By Zachary Ciras on June 15, 2020.

We frequently see mice scampering out of sight in our garage when we turn the light on. We might see them and their droppings for a few days but then they disappear, until a couple months later when we see mice again. Are these the same mice and how do we keep them out?

M. M., Uxbridge, MA

Hard to say whether you’re seeing the same mice each time, or whether they are new invaders, or even the offspring of earlier visitors. When the mice disappear for a while, they could be leaving the garage after a brief exploration, but it’s more likely the mice have moved into other areas of your house.

Mice that have found their way into a garage usually can follow pipe runs or wires or even ceiling beams into attic spaces, wall voids, or the main body of the house. Garage mice will utilize vents, furnace ducts, or the attic access opening to get further inside (see Got Mice in Your House?).


This first question doesn’t take a lot of thought. Mice can simply walk into a garage if the door is left open. More often though, they will find their way in at night through openings around the garage door. It’s rare to find a garage door that seals tightly enough at all points to keep mice out.

If you stand in your dark garage and look out towards a sunny day, you will see all of the light “leaks” along the edges of the garage door, in the corners where the rubber threshold at the bottom meets the side walls, and maybe even under the worn bottom rubber gasket (see Maintain Your Garage Door to Keep Mice Out). Every light gap is a space where a mouse could enter.


There are two primary steps to keep mice from getting into your garage…and then into your house. First, remove any food or other items that attract mice to your garage (both inside and out), and then seal up any openings that mice can use to get inside:

1. Replace gaskets and rubber thresholds and otherwise rodent-proof the garage door.

2. Store pet food, birdseed, and grass seed in heavy containers with tight lids.

3. Don’t leave pet food in bowls in the garage overnight, and if you have a cat’s litter box in the garage, clean it regularly.

4. Store garbage and recycling in containers with tight lids and dispose of them ASAP.

5. As much as possible, keep boxes and items up on shelves and off of the garage floor. Don’t hoard cardboard boxes, stacked newspapers, and old rags that provide hiding places and nest material for mice.

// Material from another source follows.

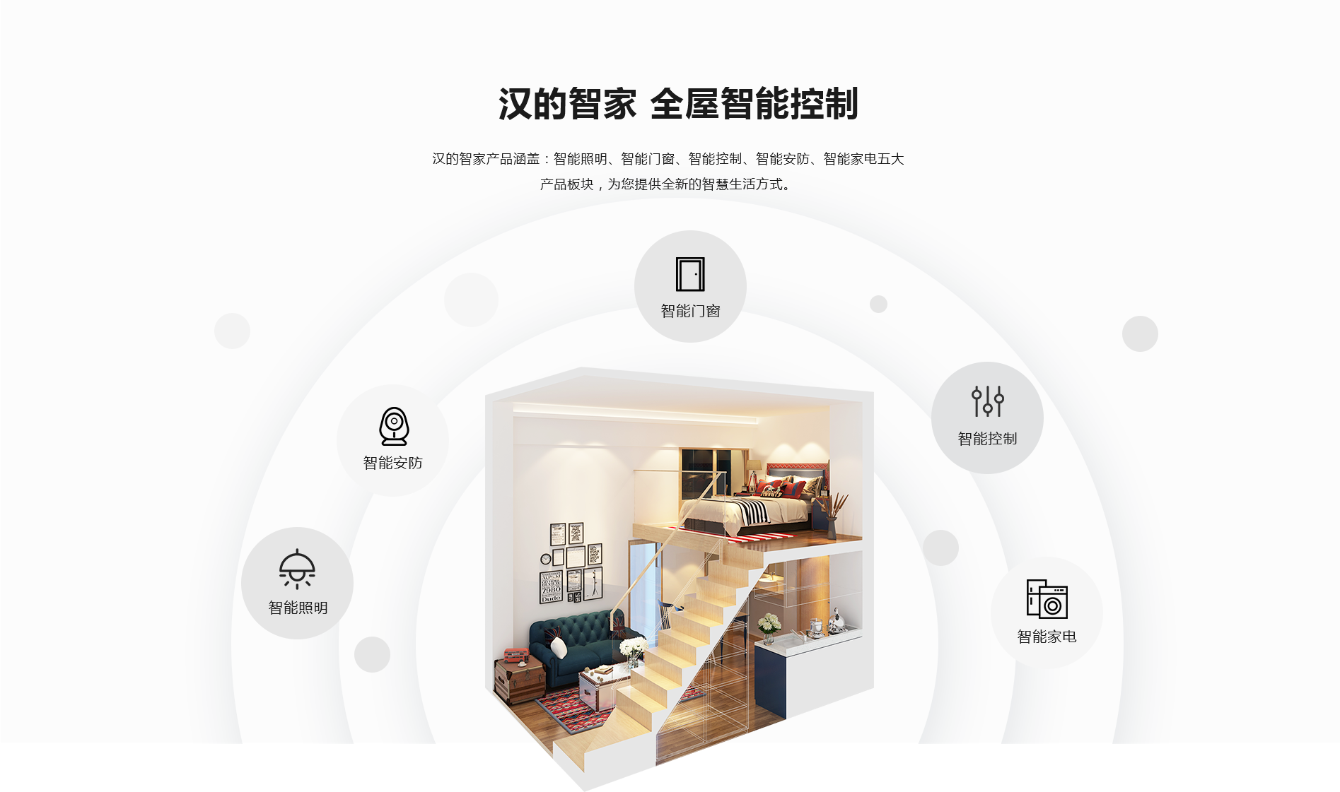 漢的智家產品涵蓋:智能照明、智能門窗、智能控制、智能安防、智能家電五大產品板塊,為您提供全新的智慧生活方式。

6. On the outside: avoid stacking wood, brush, or other attractions for mice near the garage. Move garbage cans, recycling bins, and pet bowls away from the garage door.

For more information on garage mice:

For more help with garage mice, or mice anywhere in your home, call Colonial Pest Control. We can also help you mouse-proof your garage by sealing openings that mice use to get inside and move around.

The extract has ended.